CALGARY WEATHER

Calgary Annexation: City's controversial plan to reshape the deep southwest

Calgary moves to annex 170 hectares in the southwest for 3,400 homes.

[CALGARY, AB] — Calgary's deep southwest is back in the crosshairs. The city is moving to absorb nearly 170 hectares of Foothills County land — a stretch of rolling terrain near the Sirocco Golf Club — and if you live anywhere south of Glenmore, this one's worth paying attention to.

The Second Attempt at Sirocco Country

This isn't a new idea. Calgary tried this before in 2023, then quietly shelved it. On July 29, 2025, Council voted 8-6 to revive the annexation process for approximately 415 acres from Foothills County — a razor-thin margin for a decision that could reshape the southwest edge of the city for a generation. The motion came from Councillor Dan McLean (Ward 13), and Foothills County has already signaled it's open to talking. But "open to talking" and "done deal" are different countries. Provincial approval is still required, and the full negotiation-to-approval clock could run two years from here.

3,400 Homes. Two Years. One Tight Vote.

The pitch from City Hall is straightforward: Calgary is growing fast, land supply is the lever, and this parcel is projected to hold up to 3,400 homes across a mix of housing types. The Municipal Development Plan and the Developed Areas Guidebook provide the policy spine — annexation is how the city keeps ahead of demand instead of scrambling behind it. That logic also drove December 2025's much larger move: Council approved the annexation of roughly 4,600 hectares from Rocky View County to the north and east. Compared to that, 170 hectares in the southwest looks like a footnote. It isn't.

The southwest has a distinct character — established, affluent, infrastructure-mature. Residents out there aren't opposed to growth in principle, but they've watched enough development promises morph into traffic nightmares and half-finished amenities to be skeptical of how neatly the "road upgrades" and "housing diversity" talking points actually land on the ground. The 8-6 vote suggests Council isn't uniformly convinced either.

The $750K Nobody Wanted to Talk About

Here's where it gets instructive. During December 2025 budget deliberations, someone moved to cut the $750,000 in one-time operating funding earmarked specifically for this Foothills Annexation. That amendment failed — the money stayed in. But the fact that the move was made at all is a tell. There is a faction at the council table that isn't sold, and they took a budget shot at the process before it gained momentum. That shot missed, but it won't be the last one.

The stakes here aren't abstract. The city is betting that securing land now — before the provincial process grinds through its two-year review — keeps Calgary competitive on housing supply and price. Critics would argue that annexing greenfield land on the urban fringe accelerates sprawl, stretches infrastructure budgets thin, and papers over the harder work of densifying what's already inside city limits.

Who Wins, Who Watches the Clock

Landowners and developers adjacent to the Sirocco area are already doing math.

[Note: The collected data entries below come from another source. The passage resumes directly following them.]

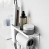 ドライヤーやヘアーアイロンはもちろん、ヘアブラシやスタイリング用品、洗面小物をまとめて収納できます。壁掛け収納で場所を取らず、洗面台まわりのスペースも有効活用できます。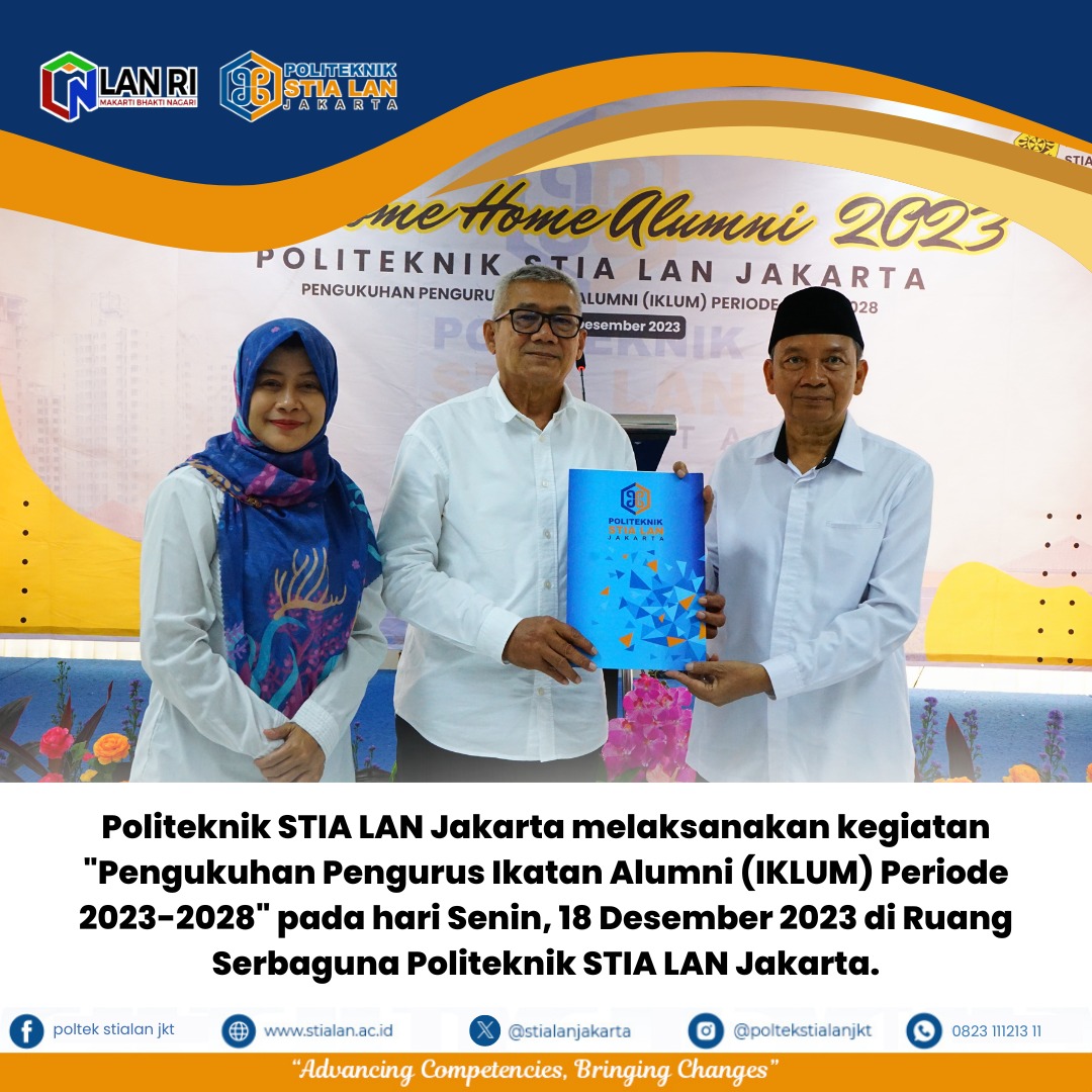 Senin, 18 Desember 2023, Politeknik STIA LAN Jakarta melaksanakan kegiatan “Pengukuhan Pengurus Ikatan Alumni (IKLUM) Periode 2023-2028” di Ruang Serbaguna Politeknik STIA LAN Jakarta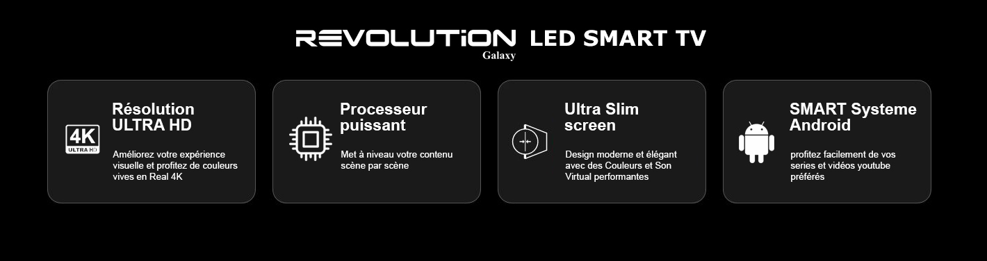 Découvrez la Télévision 65 Revolution, une prouesse technologique qui transforme votre salon en une salle de cinéma privée. Avec son écran FLAT LED de 65 pouces, plongez au cœur d'une expérience visuelle sans précédent, magnifiée par la résolution Ultra HD 4K (3840x2160). Cette smart TV n'est pas seulement un téléviseur; c'est une fenêtre ouverte sur un monde de contenus infinis, grâce à la version Android .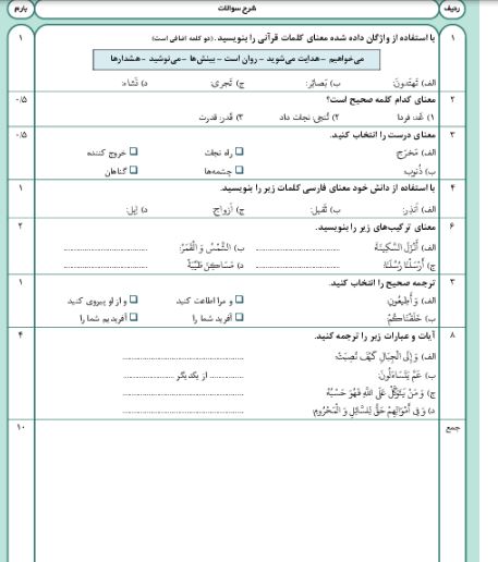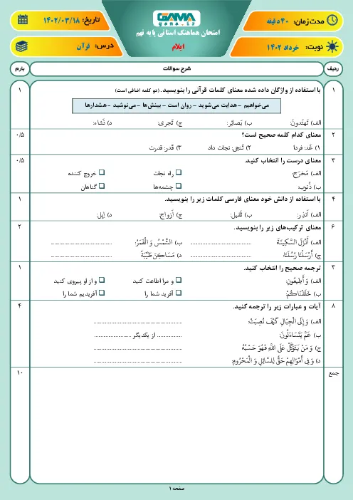آزمون هماهنگ استانی خرداد 1402 قرآن پایه نهم استان ایلام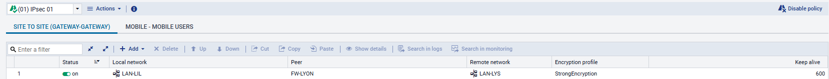 Sur le firewall FW-LILLE, la politique IPsec entre les sites de LILLE et de LYON est donc la suivante :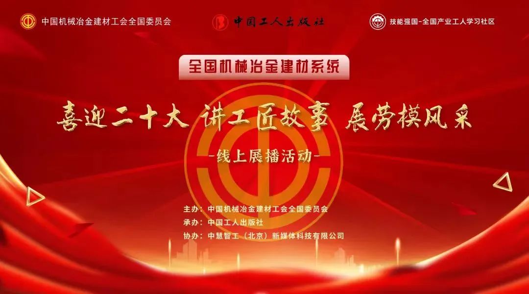 为迎接党的二十大胜利召开,,,,,,弘扬先进、勉励立异,,,,,,营造劳动庆幸的优异气氛,,,,,,近期,,,,,,由中国机械冶金建材工会主理、中国工人出书社承办、中慧智工(北京)新媒体科技有限公司协办的“喜迎二十大 讲工匠故事 展劳模风范”线上展播运动专区正式上线。。。。。。。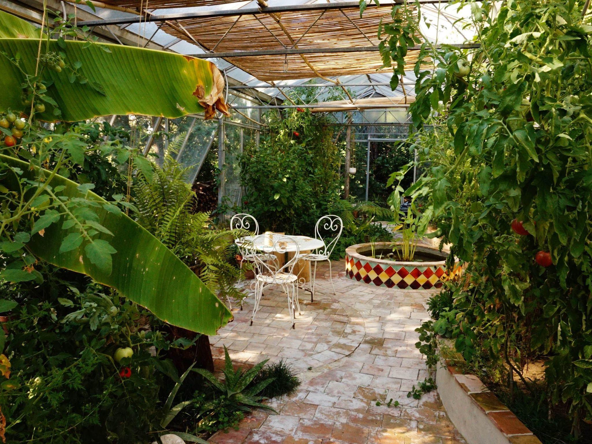 Großes Glasgewächshaus mit tropischen Pflanzen und Gemüse.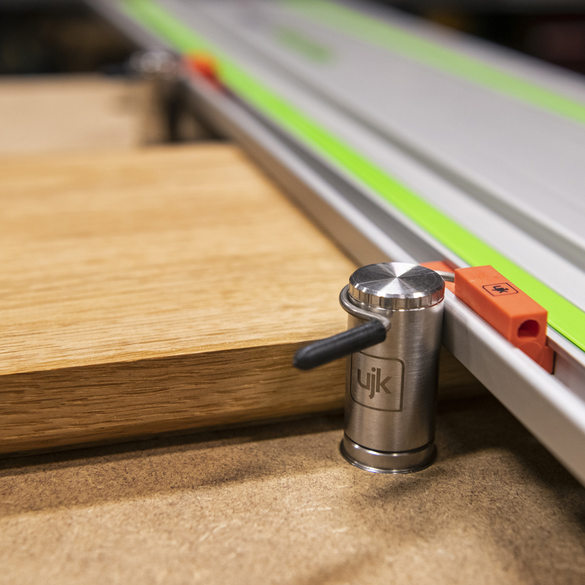 CNC machined from 303 stainless steel, they feature the same clever locking system as the UJK Super Dog. A quick twist locks the dog firmly in place, taking up any tolerance in the hole and ensuring rock-solid positioning. The included chamfer ring guarantees a perfect 90° alignment to your work surface and prevents the dog from slipping through before adjustment. Supplied as a pair with a 40mm projection, they’re fully compatible with UJK Multifunction Workbenches and Festool MFT/3 tables.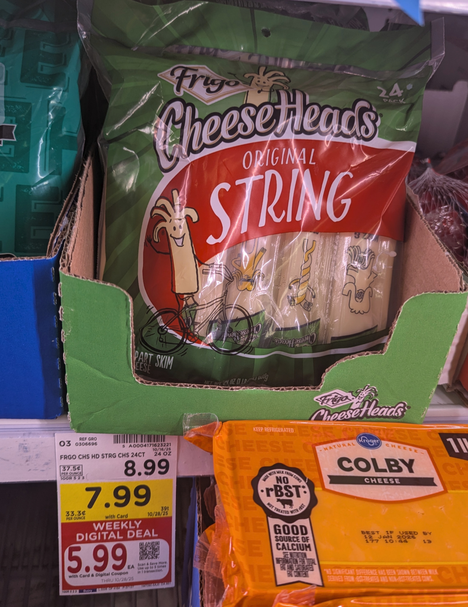 –$2/1 Frigo String Cheese, 24 ct, Kroger Super Saver Digital Coupon (use up to 5 times in a single transaction)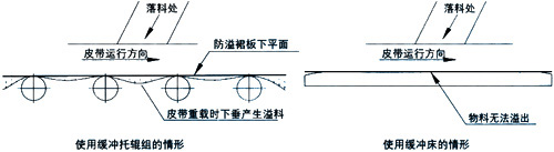 缓冲托辊组重载时会引起皮带下陷,密封效果不好。 |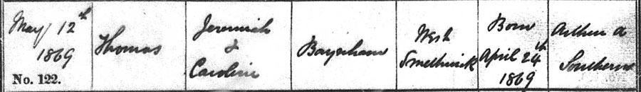 Thomas, born on 24th April 1869 and baptised on 12th May.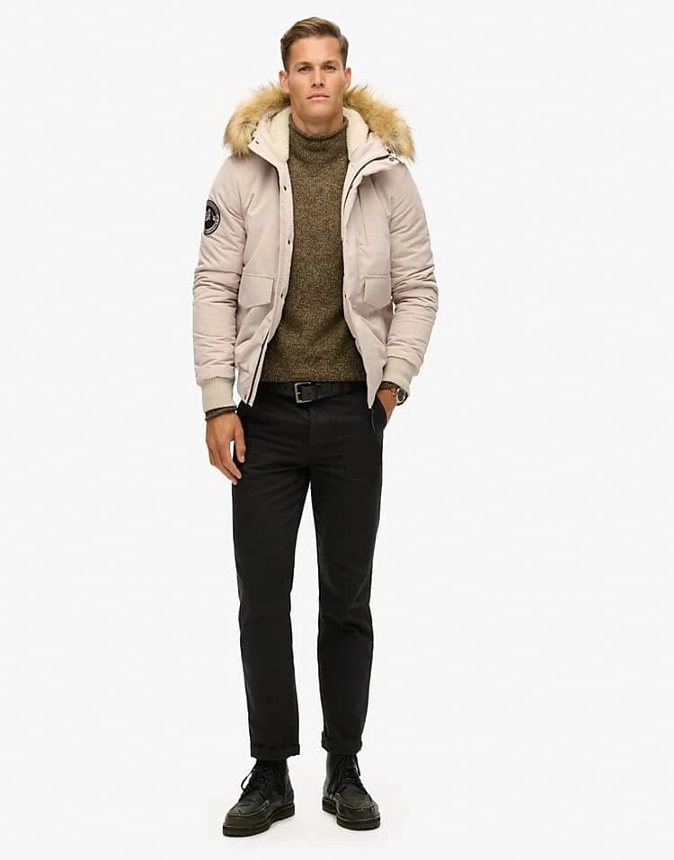 - Detachable faux-fur trim

The moment annexation is formalized, the value calculus on those parcels shifts hard. For current southwest residents, the more immediate question is sequencing: Will the roads and services come before the rooftops, or will 3,400 new homes arrive while everyone queues on 37th Street SW waiting for infrastructure that's perpetually "coming soon"?

Council holds the authority. The province holds the pen. And somewhere between a $750,000 budget skirmish and a two-year provincial review, Calgary's deep southwest quietly becomes the city's next frontier — whether the neighbourhood wants the title or not.